START Dataset

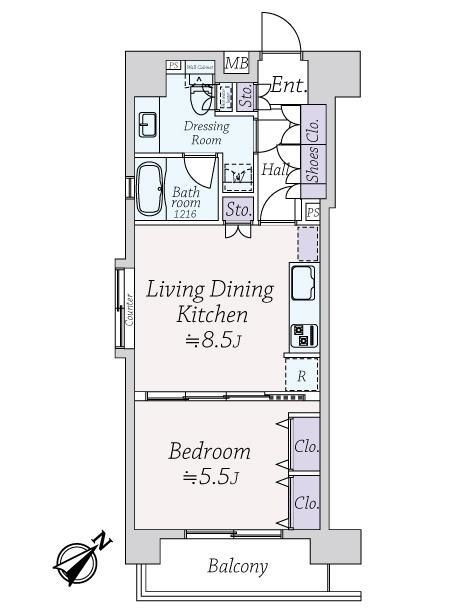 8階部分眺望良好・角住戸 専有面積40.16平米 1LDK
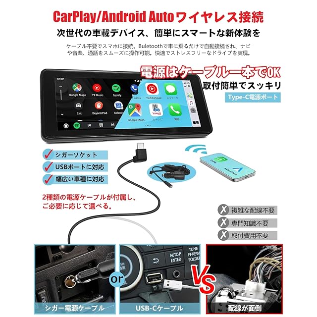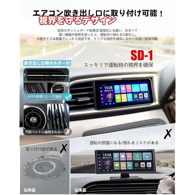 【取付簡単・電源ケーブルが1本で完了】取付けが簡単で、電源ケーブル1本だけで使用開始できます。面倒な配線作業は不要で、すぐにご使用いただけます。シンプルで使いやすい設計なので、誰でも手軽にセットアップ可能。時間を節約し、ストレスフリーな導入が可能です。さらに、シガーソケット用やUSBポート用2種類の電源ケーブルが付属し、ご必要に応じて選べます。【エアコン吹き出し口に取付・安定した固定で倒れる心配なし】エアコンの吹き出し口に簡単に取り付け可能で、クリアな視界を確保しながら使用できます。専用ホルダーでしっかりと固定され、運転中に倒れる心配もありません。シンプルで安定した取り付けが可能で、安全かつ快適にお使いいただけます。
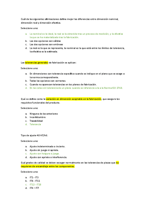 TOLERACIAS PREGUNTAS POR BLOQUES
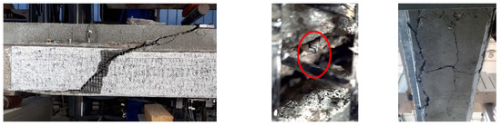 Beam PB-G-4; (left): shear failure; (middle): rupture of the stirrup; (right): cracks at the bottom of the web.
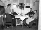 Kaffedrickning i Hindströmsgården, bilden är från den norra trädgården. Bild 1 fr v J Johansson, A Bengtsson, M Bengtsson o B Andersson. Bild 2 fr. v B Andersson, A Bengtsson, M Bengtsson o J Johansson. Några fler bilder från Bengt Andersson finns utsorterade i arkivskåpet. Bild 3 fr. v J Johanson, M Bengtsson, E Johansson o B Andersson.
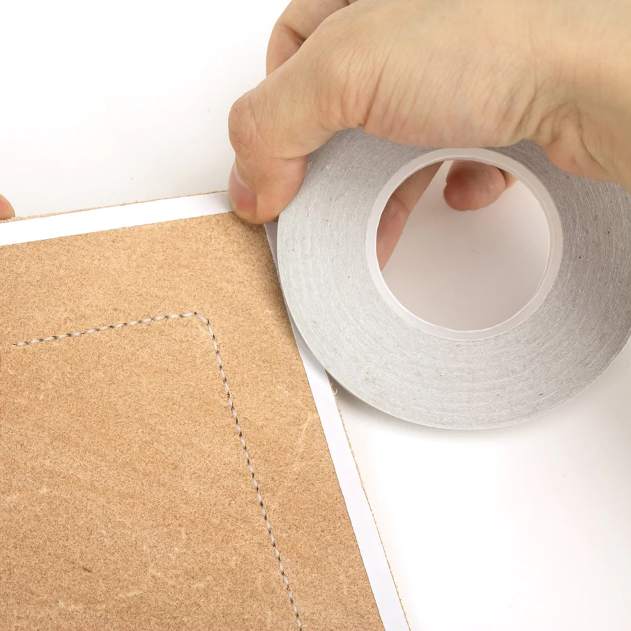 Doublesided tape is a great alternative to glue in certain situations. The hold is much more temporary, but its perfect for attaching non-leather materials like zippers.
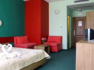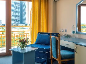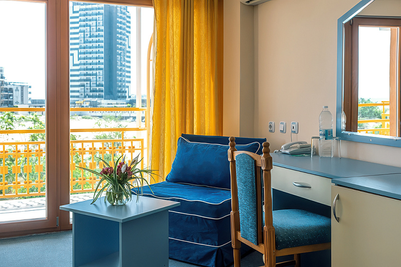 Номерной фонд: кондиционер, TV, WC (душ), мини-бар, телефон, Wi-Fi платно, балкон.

END Dataset

**What is required:** Repeat the records word for word, skipping pictures.

**Answer box:**
 8階部分眺望良好・角住戸 専有面積40.16平米 1LDK
 【取付簡単・電源ケーブルが1本で完了】取付けが簡単で、電源ケーブル1本だけで使用開始できます。面倒な配線作業は不要で、すぐにご使用いただけます。シンプルで使いやすい設計なので、誰でも手軽にセットアップ可能。時間を節約し、ストレスフリーな導入が可能です。さらに、シガーソケット用やUSBポート用2種類の電源ケーブルが付属し、ご必要に応じて選べます。【エアコン吹き出し口に取付・安定した固定で倒れる心配なし】エアコンの吹き出し口に簡単に取り付け可能で、クリアな視界を確保しながら使用できます。専用ホルダーでしっかりと固定され、運転中に倒れる心配もありません。シンプルで安定した取り付けが可能で、安全かつ快適にお使いいただけます。
 TOLERACIAS PREGUNTAS POR BLOQUES
 Beam PB-G-4; (left): shear failure; (middle): rupture of the stirrup; (right): cracks at the bottom of the web.
 Kaffedrickning i Hindströmsgården, bilden är från den norra trädgården. Bild 1 fr v J Johansson, A Bengtsson, M Bengtsson o B Andersson. Bild 2 fr. v B Andersson, A Bengtsson, M Bengtsson o J Johansson. Några fler bilder från Bengt Andersson finns utsorterade i arkivskåpet. Bild 3 fr. v J Johanson, M Bengtsson, E Johansson o B Andersson.
 Doublesided tape is a great alternative to glue in certain situations. The hold is much more temporary, but its perfect for attaching non-leather materials like zippers.
 Номерной фонд: кондиционер, TV, WC (душ), мини-бар, телефон, Wi-Fi платно, балкон.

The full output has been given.